Keywords

1 Introduction

Melanoma is the most dangerous form of skin cancer [1]. Cutaneous melanoma (or melanoma of the skin), the most common type of melanoma, is a complex multi-factorial disease as both environmental and genetic factors are involved in its manifestation [2]. It is often a fatal neoplasm, derived from melanocytes, that accounts for most skin cancer deaths. In the advanced stages of this cancer, therapeutic intervention usually fails to improve survival despite recent advances in immunotherapy. According to the World Health Organization, 132,000 melanoma skin cancers occur globally each year and the global incidence of melanoma continues to increase, with a main predisposal factor; sun exposure.

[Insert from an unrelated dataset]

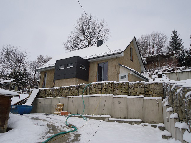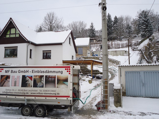 Dieses Einfamilienhaus wurde umgebaut und saniert. Dabei bemerkte der Eigentümer die Luftschicht in der Außenwand. Wir befüllten diese mit unserer Kerndämmung innerhalb weniger Stunden.

The complexities of cellular metabolism and regulatory pathways involved have, until recently, obstructed the formulation of a unified description for melanoma [3]. Thus, despite the descent of gene signatures for various cancers, e.g. breast or colon cancer, a similar progress remains elusive for malignant melanoma. This could be attributed to the intricate nature of the molecular basis of cutaneous melanoma, which needs neatly stratified epidemiological cohorts to effectively address the issue of the high heterogeneity of this disease. In any case, genomic studies are limited by the shortage of similar melanoma cohorts, collecting and maintaining frozen tumor tissue, therefore rendering gene expression profiling studies of melanoma relatively scarce [4]. Still, efforts have been made to overcome any issues and shed some light on the underlying mechanisms involved with melanoma pathogenesis and metastases [4, 5]. A number of important emerging biological pathways and gene targets recently identified in melanoma are reported in [6]. Key biological pathways, where several significant genes (e.g. CDKN2A, CDK4, RB1) are involved, include proliferation, transcriptional control, extracellular matrix remodeling, glutamate signaling, and apoptosis.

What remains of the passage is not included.